Correlation matrices based on Pearson test for all the determined biomarkers from patients with SARS-CoV-2 infection with encephalitis. A, Correlation matrix, corrected for age and sex, of the neurodegeneration markers analyzed in the cohort. B, Correlation matrix, corrected for age, sex, and NfL, of the cytokines and glial markers. Matrices show the value of each of the correlation coefficients; significant correlations are indicated: *P < .5, **P < .05, ***P < .001. C and D, Scatter plot adjusted for age and sex, consistent with the associated correlation matrix, representing correlation of the 80 kDa fragment with (C) sTREM2 and (D) GFAP (solid line represent the correlation, dashed lines represent the 95% confidence interval).
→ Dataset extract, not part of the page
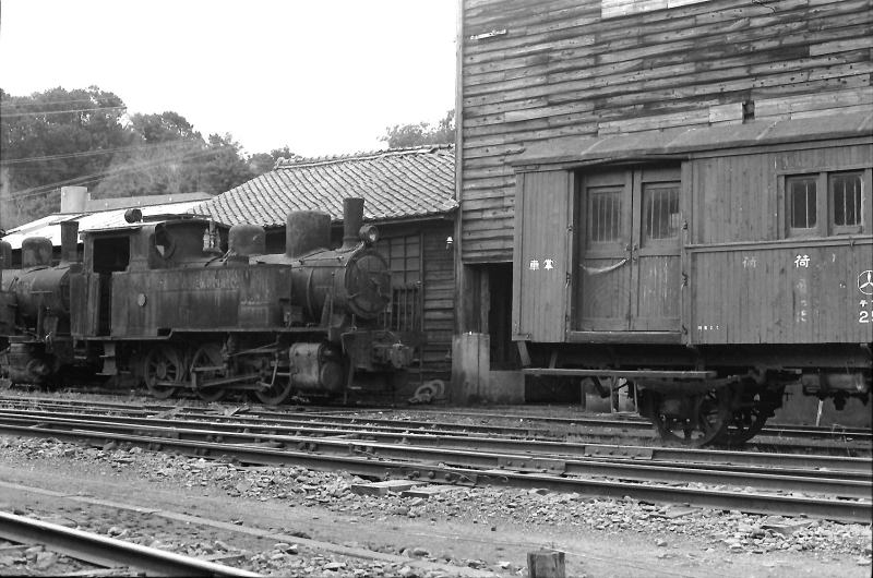 | 同じく加世田にて。まだ走っていたような単車の荷物車と、廃車になっていたSL。 こちらも、もっとよく見ておけばよかった。 |

Abbreviations: ACE2, angiotensin-converting enzyme 2; Aβ, amyloid-β; AU, arbitrary unit; GFAP, glial fibrillary acidic protein; IL-1β, interleukin 1β; NfL, neurofilament light polypeptide; P-tau, phosphorylated tau; SARS-CoV-2, severe acute respiratory syndrome coronavirus 2; sTREM2, soluble triggering receptor expressed on myeloid cells 2; TNF-α, tumor necrosis factor-α; T-tau, total tau.